Can inclusion-body myositis cause an elevated serum creatine phosphokinase (CPK) level?

Can Inclusion Body Myositis Elevate CPK?

Yes, inclusion body myositis (IBM) can elevate serum creatine phosphokinase (CPK/CK), but the elevation is characteristically minimal or mild compared to other inflammatory myopathies.
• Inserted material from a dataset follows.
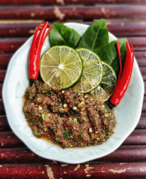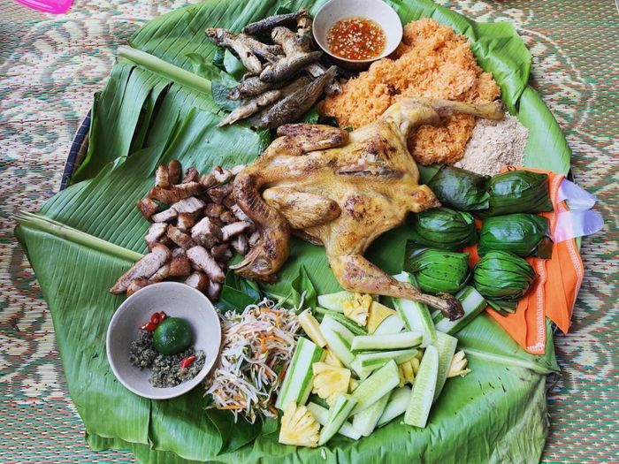 Khi thịt gà nướng đã có màu vàng óng, muối cheo đã được điều chỉnh đúng vị, là lúc để trang trí tất cả lên một chiếc đĩa tre, trải phủ lá chuối. Gà nướng chấm muối cheo trở nên hoàn hảo khi đi kèm với bát xôi dẻo thơm ngon. Khi thưởng thức ở những quán ăn địa phương, gà nướng thường được phục vụ cùng với cá sông, thịt heo nướng và đủ loại lá rừng.

Key Clinical Features of CPK in IBM

The CPK elevation pattern in IBM is distinctly different from other inflammatory myopathies and serves as an important diagnostic clue 1:

• CPK levels are typically only minimally elevated in IBM, often less than 12 times the upper limit of normal 1
• This contrasts sharply with other inflammatory myopathies like dermatomyositis and polymyositis, which typically show marked CPK elevations
• In some IBM cases, CPK may be only slightly above normal or even within normal range 2

Clinical Context and Diagnostic Implications

Lower CPK levels in the setting of progressive muscle weakness should raise suspicion for IBM rather than reassure you. This is a common diagnostic pitfall 3. The clinical presentation typically includes:

• Progressive, insidious onset weakness after age 50 years
• Characteristic pattern: forearm flexors, finger flexors, and quadriceps atrophy
• Male predominance (3:1 ratio) 1
• Asymmetric weakness patterns may occur 3
• Dysphagia is common and clinically significant 1

Important Diagnostic Considerations

When evaluating a patient with suspected myopathy:

• Do not be falsely reassured by normal or minimally elevated CPK - IBM can present with CPK levels in the 200-400 IU/L range 2
• Consider IBM specifically when CPK is disproportionately low relative to the degree of weakness
• One case report documented asymptomatic IBM presenting solely with recurrent mild CPK elevation (200-1324 IU/L) over 10 years, diagnosed only on muscle biopsy 2

Comparison with Other Myopathies

The CPK pattern helps differentiate IBM from other conditions 3:

• IBM: Minimal CPK elevation, progressive course, poor immunosuppressive response
• Polymyositis/Dermatomyositis: Marked CPK elevation (often >1000 IU/L), better treatment response
• Immune-mediated necrotizing myopathy: Very high CPK (>10x normal), acute/subacute onset 1

Clinical Monitoring

CPK levels in IBM tend to remain stable over time 4. The CPK does not reliably correlate with disease activity or progression, making it a poor marker for monitoring treatment response in IBM patients.

Bottom line: IBM should remain high on your differential for any patient over 50 with progressive proximal and distal weakness, even with normal or only mildly elevated CPK levels. The characteristic weakness pattern and muscle biopsy findings (rimmed vacuoles, congophilic deposits) are more diagnostically valuable than CPK levels 1.